(What the task asks): In the data below, find the line that contains "Την ικανοποίησή της" and the line that contains "客厅沙发后墙面做了一面两用墙". Copy both, plus every line between them, exactly.

** Data for processing follows **

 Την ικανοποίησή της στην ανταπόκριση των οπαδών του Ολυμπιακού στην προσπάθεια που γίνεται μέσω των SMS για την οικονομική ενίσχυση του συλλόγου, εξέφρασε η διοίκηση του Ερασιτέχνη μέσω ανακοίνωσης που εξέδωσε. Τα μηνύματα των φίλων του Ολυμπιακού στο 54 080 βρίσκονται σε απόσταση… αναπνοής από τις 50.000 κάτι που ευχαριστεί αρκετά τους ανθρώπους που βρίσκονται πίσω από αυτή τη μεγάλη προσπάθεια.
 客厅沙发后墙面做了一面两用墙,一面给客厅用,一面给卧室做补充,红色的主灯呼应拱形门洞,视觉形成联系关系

** End of Data for processing **
** Data for processing follows **

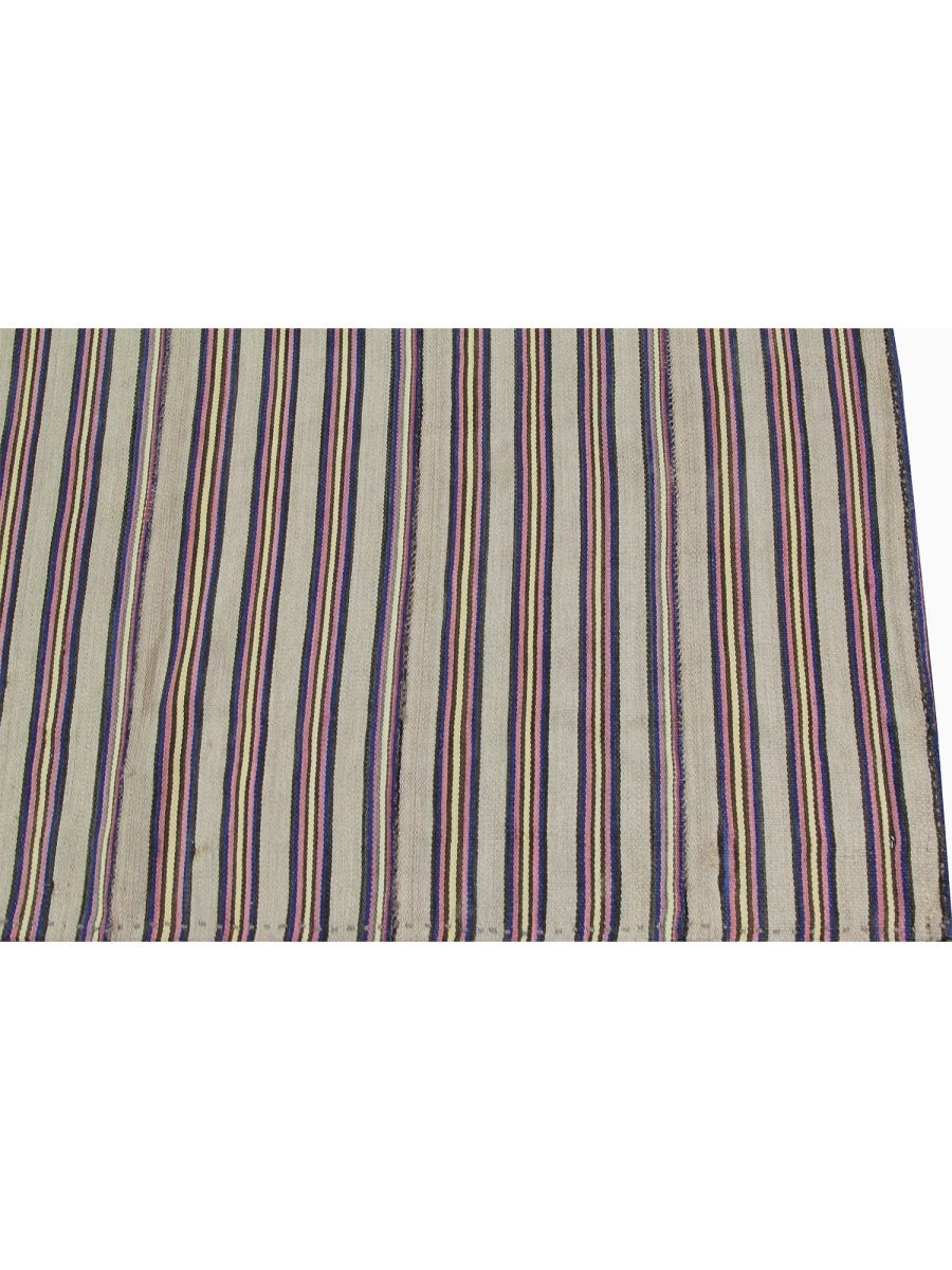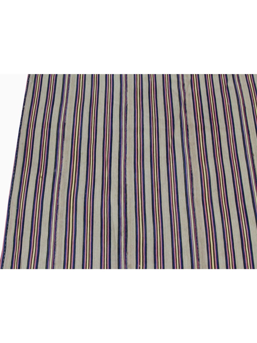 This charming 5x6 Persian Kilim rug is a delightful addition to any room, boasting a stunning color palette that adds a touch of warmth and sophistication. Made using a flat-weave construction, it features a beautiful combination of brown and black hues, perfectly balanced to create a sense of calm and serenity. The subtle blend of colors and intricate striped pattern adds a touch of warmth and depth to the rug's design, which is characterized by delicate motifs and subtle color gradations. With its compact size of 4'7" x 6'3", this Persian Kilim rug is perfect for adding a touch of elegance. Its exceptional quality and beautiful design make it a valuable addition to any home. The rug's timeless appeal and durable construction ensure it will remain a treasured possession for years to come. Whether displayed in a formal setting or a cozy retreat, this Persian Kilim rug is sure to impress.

** End of Data for processing **

(Answer to this task):
 Την ικανοποίησή της στην ανταπόκριση των οπαδών του Ολυμπιακού στην προσπάθεια που γίνεται μέσω των SMS για την οικονομική ενίσχυση του συλλόγου, εξέφρασε η διοίκηση του Ερασιτέχνη μέσω ανακοίνωσης που εξέδωσε. Τα μηνύματα των φίλων του Ολυμπιακού στο 54 080 βρίσκονται σε απόσταση… αναπνοής από τις 50.000 κάτι που ευχαριστεί αρκετά τους ανθρώπους που βρίσκονται πίσω από αυτή τη μεγάλη προσπάθεια.
 客厅沙发后墙面做了一面两用墙,一面给客厅用,一面给卧室做补充,红色的主灯呼应拱形门洞,视觉形成联系关系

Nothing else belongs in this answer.